§ **THE DATA**
=== Section Start ===

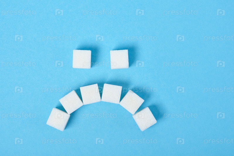Белые кубики сахара выложены в виде грустной улыбки на синем фоне крупным планом, пространство для копирования
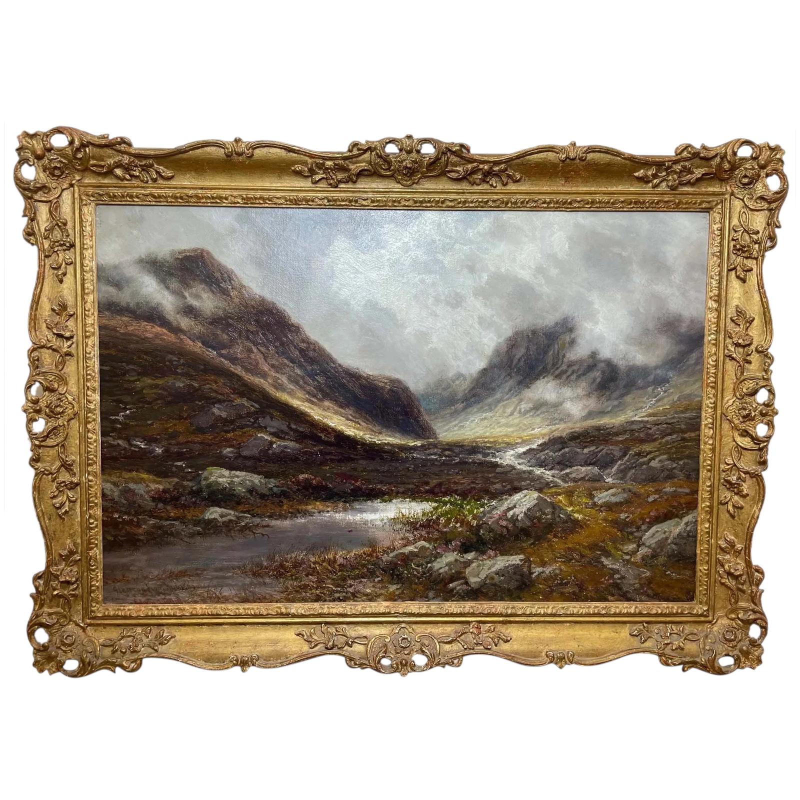 Antique Oil Painting Scottish Highlands Glencoe By Edwin Alfred Pettitt
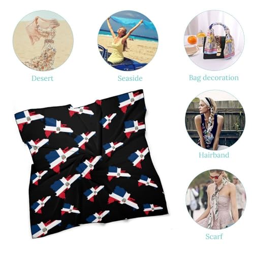 Dominican Republic Flag Map Bandanas for Women Satin Silk Head Scarf Multipurpose Square Scarves Clothing Accessories 6
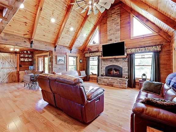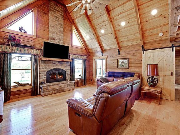 Welcome to this stunning custom-built log cabin, nestled on a peaceful, spacious property that blends rustic elegance with modern convenience. Just five years old, this home showcases exceptional craftsmanship, custom lighting, and vintage-inspired details throughout.

=== Section End ===

§ **ACTIVITY**
Print nothing except the lines above from the one containing "Antique Oil Painting" down to the one containing "Dominican Republic Flag", both included, exactly as written and free of pictures.

§ **YOUR SOLUTION**
 Antique Oil Painting Scottish Highlands Glencoe By Edwin Alfred Pettitt
 Dominican Republic Flag Map Bandanas for Women Satin Silk Head Scarf Multipurpose Square Scarves Clothing Accessories 6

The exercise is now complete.